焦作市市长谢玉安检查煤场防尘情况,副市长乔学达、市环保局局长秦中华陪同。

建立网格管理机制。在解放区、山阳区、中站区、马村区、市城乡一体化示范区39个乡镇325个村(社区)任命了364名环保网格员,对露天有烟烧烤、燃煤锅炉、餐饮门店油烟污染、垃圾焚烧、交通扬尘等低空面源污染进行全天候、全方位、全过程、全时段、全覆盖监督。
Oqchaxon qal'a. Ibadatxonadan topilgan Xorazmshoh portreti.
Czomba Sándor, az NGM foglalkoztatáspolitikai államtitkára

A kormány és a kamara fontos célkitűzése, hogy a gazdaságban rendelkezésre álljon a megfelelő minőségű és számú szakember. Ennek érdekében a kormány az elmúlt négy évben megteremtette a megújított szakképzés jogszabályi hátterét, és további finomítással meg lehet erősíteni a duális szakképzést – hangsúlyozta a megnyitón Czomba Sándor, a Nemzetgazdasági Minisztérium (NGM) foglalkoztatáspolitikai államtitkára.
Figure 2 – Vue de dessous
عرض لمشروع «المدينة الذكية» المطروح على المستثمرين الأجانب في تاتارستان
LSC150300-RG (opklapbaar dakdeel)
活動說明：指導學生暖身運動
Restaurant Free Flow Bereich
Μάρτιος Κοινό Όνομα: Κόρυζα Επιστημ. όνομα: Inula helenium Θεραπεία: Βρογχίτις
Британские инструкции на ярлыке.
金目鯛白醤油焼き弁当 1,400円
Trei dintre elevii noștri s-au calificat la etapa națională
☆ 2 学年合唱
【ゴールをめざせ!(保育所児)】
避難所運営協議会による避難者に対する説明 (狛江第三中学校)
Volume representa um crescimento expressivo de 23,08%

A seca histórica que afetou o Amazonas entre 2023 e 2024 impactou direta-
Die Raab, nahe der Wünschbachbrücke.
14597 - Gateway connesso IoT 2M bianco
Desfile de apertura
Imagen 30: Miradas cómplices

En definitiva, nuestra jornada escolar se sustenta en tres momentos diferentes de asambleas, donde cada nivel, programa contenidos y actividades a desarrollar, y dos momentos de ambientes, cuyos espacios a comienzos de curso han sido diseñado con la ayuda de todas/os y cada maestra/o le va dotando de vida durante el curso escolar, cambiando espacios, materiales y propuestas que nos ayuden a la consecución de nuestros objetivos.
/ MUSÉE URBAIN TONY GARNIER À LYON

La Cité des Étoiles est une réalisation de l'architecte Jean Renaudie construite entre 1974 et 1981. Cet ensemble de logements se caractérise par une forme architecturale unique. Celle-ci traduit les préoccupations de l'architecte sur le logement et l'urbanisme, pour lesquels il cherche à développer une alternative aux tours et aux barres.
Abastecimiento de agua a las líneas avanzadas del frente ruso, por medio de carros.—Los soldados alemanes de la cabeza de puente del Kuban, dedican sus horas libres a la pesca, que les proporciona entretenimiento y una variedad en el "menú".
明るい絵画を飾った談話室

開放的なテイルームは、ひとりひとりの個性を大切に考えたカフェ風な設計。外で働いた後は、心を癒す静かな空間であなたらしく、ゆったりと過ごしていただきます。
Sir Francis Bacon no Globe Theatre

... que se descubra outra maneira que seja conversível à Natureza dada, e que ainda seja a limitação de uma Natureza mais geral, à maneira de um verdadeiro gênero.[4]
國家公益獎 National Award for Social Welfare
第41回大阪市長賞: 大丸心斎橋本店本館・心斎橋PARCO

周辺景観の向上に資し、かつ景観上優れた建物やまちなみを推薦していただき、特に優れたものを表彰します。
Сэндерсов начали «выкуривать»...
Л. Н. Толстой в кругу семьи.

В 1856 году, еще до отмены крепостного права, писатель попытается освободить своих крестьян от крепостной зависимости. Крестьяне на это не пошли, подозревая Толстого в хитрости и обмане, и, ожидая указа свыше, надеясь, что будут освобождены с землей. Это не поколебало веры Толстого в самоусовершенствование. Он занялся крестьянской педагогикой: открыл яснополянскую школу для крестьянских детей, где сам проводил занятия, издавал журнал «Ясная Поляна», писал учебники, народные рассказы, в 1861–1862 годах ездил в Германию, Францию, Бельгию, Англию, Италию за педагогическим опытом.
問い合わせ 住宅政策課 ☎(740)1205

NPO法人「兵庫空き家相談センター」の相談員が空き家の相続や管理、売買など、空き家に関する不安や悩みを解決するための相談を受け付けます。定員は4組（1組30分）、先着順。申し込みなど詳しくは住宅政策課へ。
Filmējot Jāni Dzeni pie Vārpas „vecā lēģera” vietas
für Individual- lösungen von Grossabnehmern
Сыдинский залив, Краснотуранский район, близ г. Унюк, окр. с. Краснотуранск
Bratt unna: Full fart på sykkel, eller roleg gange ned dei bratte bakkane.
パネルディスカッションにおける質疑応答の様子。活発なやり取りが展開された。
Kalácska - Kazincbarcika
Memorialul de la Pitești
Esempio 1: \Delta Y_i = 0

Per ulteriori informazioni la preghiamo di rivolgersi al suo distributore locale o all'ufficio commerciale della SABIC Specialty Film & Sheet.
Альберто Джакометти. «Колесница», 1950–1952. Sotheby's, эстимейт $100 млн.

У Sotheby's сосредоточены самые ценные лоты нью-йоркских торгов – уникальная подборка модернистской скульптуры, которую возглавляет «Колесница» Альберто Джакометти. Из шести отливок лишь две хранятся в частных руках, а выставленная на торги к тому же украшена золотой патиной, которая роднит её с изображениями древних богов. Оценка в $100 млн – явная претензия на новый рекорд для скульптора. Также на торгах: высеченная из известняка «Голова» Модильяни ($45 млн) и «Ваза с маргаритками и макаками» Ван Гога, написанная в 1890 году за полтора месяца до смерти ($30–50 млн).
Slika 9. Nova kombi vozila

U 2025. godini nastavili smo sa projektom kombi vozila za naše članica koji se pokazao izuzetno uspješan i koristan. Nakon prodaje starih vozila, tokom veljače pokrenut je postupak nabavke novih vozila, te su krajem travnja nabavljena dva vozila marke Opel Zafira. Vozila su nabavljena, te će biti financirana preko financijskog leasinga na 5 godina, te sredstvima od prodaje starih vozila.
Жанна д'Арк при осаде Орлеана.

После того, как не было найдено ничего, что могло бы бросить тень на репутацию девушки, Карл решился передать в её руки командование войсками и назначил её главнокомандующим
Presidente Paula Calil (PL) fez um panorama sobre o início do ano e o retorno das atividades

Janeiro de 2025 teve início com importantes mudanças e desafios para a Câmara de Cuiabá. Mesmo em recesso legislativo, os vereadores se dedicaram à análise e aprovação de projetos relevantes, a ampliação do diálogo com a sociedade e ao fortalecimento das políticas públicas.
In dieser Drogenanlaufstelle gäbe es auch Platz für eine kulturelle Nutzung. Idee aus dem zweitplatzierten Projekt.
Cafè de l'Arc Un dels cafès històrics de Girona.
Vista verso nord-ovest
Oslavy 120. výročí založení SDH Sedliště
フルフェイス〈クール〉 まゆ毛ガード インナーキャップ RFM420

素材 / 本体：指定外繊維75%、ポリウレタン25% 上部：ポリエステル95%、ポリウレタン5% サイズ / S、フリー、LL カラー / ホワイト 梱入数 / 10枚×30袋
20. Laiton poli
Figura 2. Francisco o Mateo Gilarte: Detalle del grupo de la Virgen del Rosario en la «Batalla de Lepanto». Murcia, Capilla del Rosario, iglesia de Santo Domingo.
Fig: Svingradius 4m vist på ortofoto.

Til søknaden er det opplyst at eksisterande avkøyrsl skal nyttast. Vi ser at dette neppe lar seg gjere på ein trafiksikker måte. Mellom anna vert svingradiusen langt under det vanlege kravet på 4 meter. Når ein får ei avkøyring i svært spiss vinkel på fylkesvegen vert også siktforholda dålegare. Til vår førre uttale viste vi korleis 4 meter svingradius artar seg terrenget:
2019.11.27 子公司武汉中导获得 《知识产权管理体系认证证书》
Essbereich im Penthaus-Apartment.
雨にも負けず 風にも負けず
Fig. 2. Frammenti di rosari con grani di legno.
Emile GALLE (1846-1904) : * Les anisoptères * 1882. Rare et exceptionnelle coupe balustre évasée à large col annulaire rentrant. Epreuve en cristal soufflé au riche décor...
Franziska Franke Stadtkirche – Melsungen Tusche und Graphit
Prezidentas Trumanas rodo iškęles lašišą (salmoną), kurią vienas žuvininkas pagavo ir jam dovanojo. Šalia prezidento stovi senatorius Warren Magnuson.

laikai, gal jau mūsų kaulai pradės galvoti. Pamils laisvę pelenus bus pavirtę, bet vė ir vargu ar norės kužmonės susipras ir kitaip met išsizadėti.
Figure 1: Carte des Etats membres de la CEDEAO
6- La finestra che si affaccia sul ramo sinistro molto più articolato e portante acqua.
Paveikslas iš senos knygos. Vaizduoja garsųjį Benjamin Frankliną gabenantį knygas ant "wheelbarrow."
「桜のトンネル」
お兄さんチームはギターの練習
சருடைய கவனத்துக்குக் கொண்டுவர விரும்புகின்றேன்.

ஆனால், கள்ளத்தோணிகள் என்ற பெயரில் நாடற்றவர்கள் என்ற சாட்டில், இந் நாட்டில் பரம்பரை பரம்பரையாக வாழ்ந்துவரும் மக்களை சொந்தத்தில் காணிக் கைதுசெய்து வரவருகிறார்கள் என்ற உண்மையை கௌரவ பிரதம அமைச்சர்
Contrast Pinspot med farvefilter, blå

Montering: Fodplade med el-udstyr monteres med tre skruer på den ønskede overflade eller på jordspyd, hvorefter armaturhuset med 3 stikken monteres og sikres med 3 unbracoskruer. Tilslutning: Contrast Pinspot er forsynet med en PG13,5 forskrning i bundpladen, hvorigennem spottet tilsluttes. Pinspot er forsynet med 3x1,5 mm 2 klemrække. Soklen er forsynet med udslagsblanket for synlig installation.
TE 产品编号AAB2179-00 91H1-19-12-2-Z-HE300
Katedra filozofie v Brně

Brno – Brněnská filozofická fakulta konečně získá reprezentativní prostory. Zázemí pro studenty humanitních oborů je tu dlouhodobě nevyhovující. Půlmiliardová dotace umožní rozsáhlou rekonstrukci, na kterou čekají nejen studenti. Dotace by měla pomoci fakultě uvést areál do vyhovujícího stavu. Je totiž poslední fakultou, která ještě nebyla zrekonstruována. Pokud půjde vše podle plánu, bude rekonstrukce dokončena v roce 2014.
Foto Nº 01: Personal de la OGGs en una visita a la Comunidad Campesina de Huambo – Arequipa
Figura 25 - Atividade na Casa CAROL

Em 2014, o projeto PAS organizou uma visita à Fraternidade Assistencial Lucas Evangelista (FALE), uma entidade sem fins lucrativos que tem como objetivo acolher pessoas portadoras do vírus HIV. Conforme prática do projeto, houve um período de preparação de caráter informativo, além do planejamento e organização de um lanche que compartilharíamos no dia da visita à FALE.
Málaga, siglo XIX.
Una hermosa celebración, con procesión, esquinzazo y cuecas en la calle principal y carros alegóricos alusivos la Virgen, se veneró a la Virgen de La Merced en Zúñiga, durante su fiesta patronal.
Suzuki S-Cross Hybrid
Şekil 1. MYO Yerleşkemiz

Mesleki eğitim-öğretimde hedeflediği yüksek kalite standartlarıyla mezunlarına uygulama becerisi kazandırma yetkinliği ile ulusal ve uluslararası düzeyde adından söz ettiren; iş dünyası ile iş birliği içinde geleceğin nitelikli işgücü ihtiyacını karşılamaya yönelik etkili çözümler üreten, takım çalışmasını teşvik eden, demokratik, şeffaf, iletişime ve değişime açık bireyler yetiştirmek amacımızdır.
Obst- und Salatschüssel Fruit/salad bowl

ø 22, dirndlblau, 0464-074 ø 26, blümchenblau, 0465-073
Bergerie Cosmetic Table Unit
#####
→ **Task**
State the number of lines in the listing above that include "Virgen", and add nothing else.

→ **Your solution**
2